What you are asked to do:
Could you repeat exactly the lines from the one containing "1-этажный дом, 127" through the last line of the records, with no pictures?

Data:
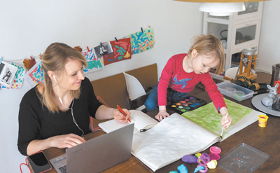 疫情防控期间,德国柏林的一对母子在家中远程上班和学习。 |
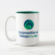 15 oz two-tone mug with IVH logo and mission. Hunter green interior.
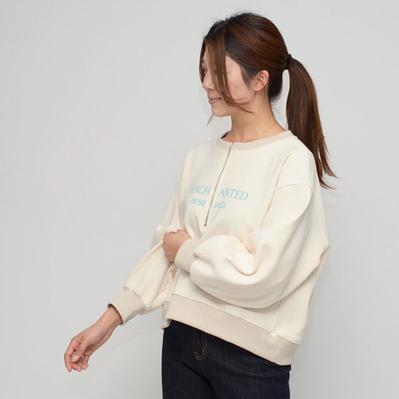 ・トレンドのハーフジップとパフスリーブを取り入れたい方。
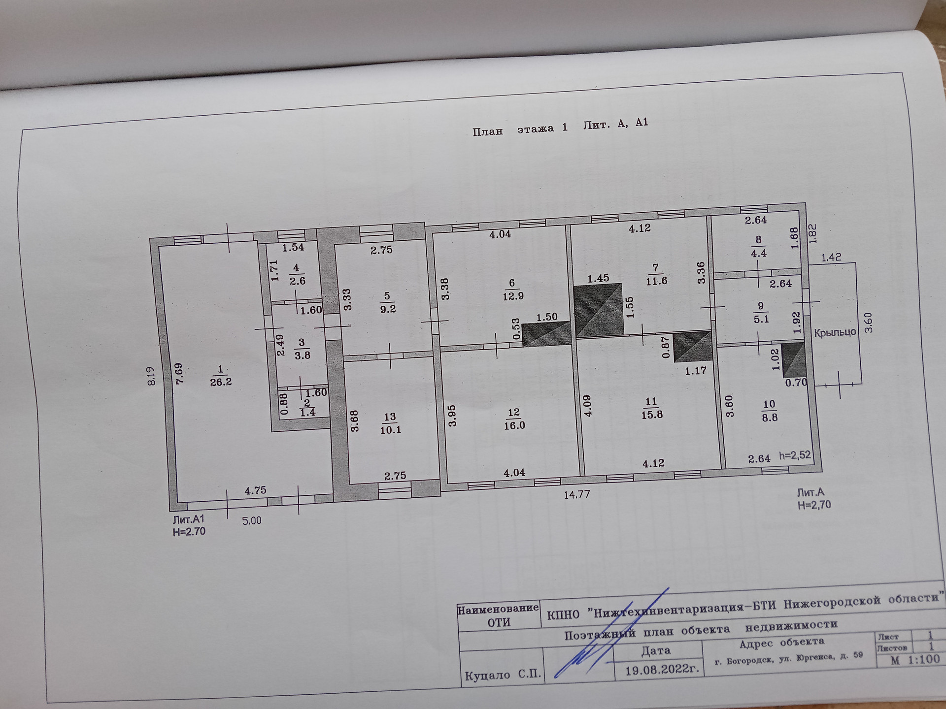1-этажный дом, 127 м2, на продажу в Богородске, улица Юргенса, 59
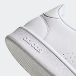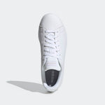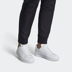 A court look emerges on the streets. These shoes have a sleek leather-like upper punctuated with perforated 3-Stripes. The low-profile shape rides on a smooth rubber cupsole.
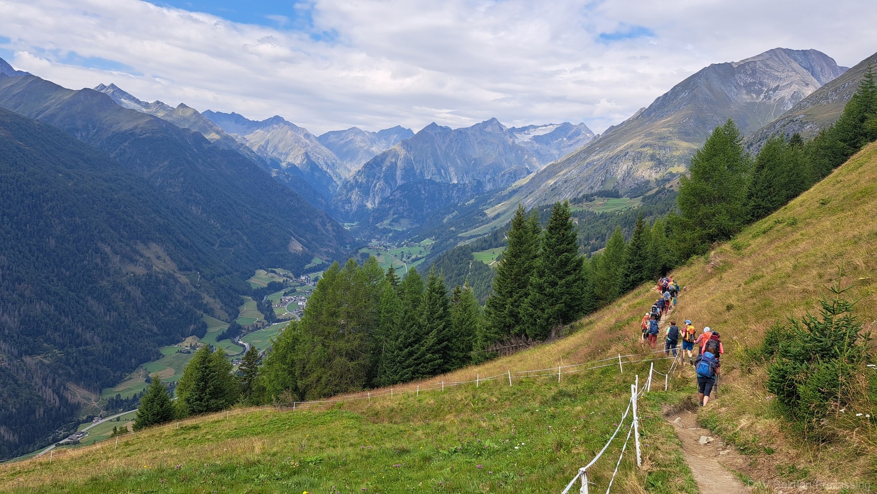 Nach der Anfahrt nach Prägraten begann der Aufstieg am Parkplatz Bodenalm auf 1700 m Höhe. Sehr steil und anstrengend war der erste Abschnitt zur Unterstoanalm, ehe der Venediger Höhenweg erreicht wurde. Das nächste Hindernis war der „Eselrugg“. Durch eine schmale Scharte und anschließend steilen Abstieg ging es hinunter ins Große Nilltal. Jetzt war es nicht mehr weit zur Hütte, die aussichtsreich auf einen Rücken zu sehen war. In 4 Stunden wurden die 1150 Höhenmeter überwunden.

Solved problem:
1-этажный дом, 127 м2, на продажу в Богородске, улица Юргенса, 59
 A court look emerges on the streets. These shoes have a sleek leather-like upper punctuated with perforated 3-Stripes. The low-profile shape rides on a smooth rubber cupsole.
 Nach der Anfahrt nach Prägraten begann der Aufstieg am Parkplatz Bodenalm auf 1700 m Höhe. Sehr steil und anstrengend war der erste Abschnitt zur Unterstoanalm, ehe der Venediger Höhenweg erreicht wurde. Das nächste Hindernis war der „Eselrugg“. Durch eine schmale Scharte und anschließend steilen Abstieg ging es hinunter ins Große Nilltal. Jetzt war es nicht mehr weit zur Hütte, die aussichtsreich auf einen Rücken zu sehen war. In 4 Stunden wurden die 1150 Höhenmeter überwunden.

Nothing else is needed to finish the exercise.